Contexte d’étude et protocole de recherche

Choix du terrain d’étude

Pour répondre à notre question de recherche, nous avons choisi d’étudier le cas des JVI nouées entre des entreprises tunisiennes et des multinationales. Ce choix a été motivé par plusieurs raisons aussi bien académiques que pratiques. D’un point de vue académique, peu de recherches ont été menées sur les JVI implantées dans la zone Afrique du Nord/Moyen-Orient (Triki et Mayrhofer, 2016; Dikmen, 2012; Cheriet et al., 2007), notamment le contexte tunisien (Cherbib, 2010). D’un point de vue pratique, l’avènement du printemps arabe a permis de définir le contexte tunisien comme étant incertain (Rapports de la banque mondiale, 2014)[1]. Avant la chute du régime de Ben Ali, le pays, nid à touristes, était stable et ses chiffres économiques étaient acceptables. Depuis le 14 janvier 2011, la Tunisie a connu une forte instabilité politique, sociale et économique qui a été accentuée par les événements survenus dans les pays voisins, notamment la Libye. Ainsi, la croissance économique a connu des fluctuations en dents de scie pour atteindre 2,5 % en 2018. Aussi, l’impact de la révolution sur les entreprises locales et étrangères implantées sur le territoire tunisien a été grand et les problèmes rencontrés sont devenus multiples, ce qui a précipité la cessation d’activités et le désinvestissement de beaucoup de firmes étrangères. Selon les rapports de l’OCDE (2020)[2], le poids des IDE dans l’économie tunisienne est passé de 9,4 % en 2006 à 1,5 % en 2016.

Collecte des données

Compte tenu de notre objectif de recherche, nous avons eu recours à une étude qualitative fondée sur l’analyse de 7 cas de JVI nouées entre des entreprises tunisiennes et des multinationales. Ces dernières ont choisi de participer dans le capital des premières avec une répartition majoritaire, minoritaire ou égale. En poursuivant les recommandations de Wacheux (1996) selon lesquelles la validité d’une étude est discutée par les régularités et les différences engagées dans les situations étudiées, notre sélection de chaque cas a été faite dans le but de trouver des résultats similaires (réplication littérale) et des résultats différents (réplication théorique) et d’accroître ainsi la validité externe de notre étude (Yin, 1994). Les cas sélectionnés respectent aussi les critères jugés indispensables par Hlady-Rispal (2002) à savoir, la représentativité, la variété et le potentiel de découverte (voir annexe 1). Pour faire face aux risques de résultats trop simplistes et à la complication issue du traitement et de la généralisation des résultats, Eisenhardt (1989) stipule que le nombre de cas à étudier doit être compris entre quatre et dix. Dans notre recherche, le nombre de cas retenu tient compte de cette recommandation et respecte ainsi les principes de saturation et de réplication (Yin, 1994).

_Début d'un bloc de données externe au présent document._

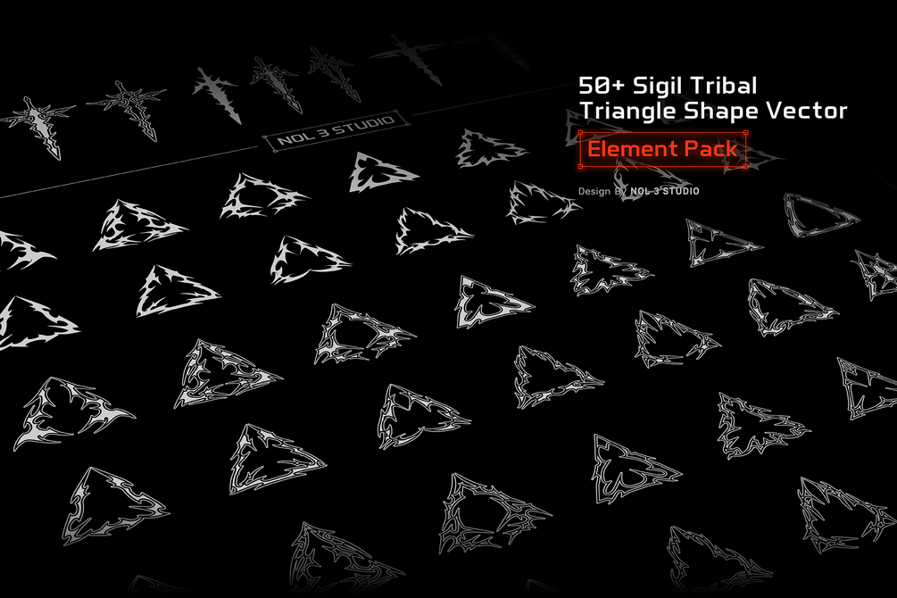 50+ Sigil Tribal Triangle Vector - Element pack is a collection of ready-to-use graphic element assets to fulfill graphic design needs, suitable for graphic design of device decorations or sports apparel with a dark futuristic cyber theme.

Le tableau 2 présente les caractéristiques de notre échantillon. Nos répondants ayant exigé de préserver leur anonymat ainsi que celui de leurs entreprises, les cas sont désignés de 1 à 7.

Suivant les recommandations de Eisenhardt (1989) qui estime que les données qualitatives recueillies par entretien et/ou observation sont nécessaires pour comprendre la réalité d’une organisation et appréhender sa dynamique, nous avons réalisé des entretiens semi-directifs auprès des principaux acteurs des deux partenaires de la JVI. L’objectif est de confronter et de comparer les discours des différents interviewés afin d’éviter le biais lié à une appréciation ou un point de vue unilatéral fourni par une seule source d’information. La collecte d’informations a été faite sur une période de 10 ans (2006-2016) caractérisée par un axe de temps symétrique Pré et Post-révolution. Ce protocole de collecte nous a permis d’apprécier le contexte interne et externe de la JVI et d’évaluer la stabilité de la relation. Ainsi, pendant la première vague d’entretiens, nous avons présenté les objectifs de la recherche en mettant l’accent sur les motivations des partenaires, la nature des apports et le mode organisationnel. Durant la deuxième vague, l’accent a été mis sur la nature des interactions entre les partenaires, le degré d’engagement et d’implication dans la JVI, la nature de l’apprentissage, les nouveaux projets et investissements en commun. Durant la troisième et dernière vague, nous avons abordé les répercussions du changement des conditions environnementales sur l’activité de la JVI, les solutions mises en place, ainsi que l’intérêt de maintenir la relation.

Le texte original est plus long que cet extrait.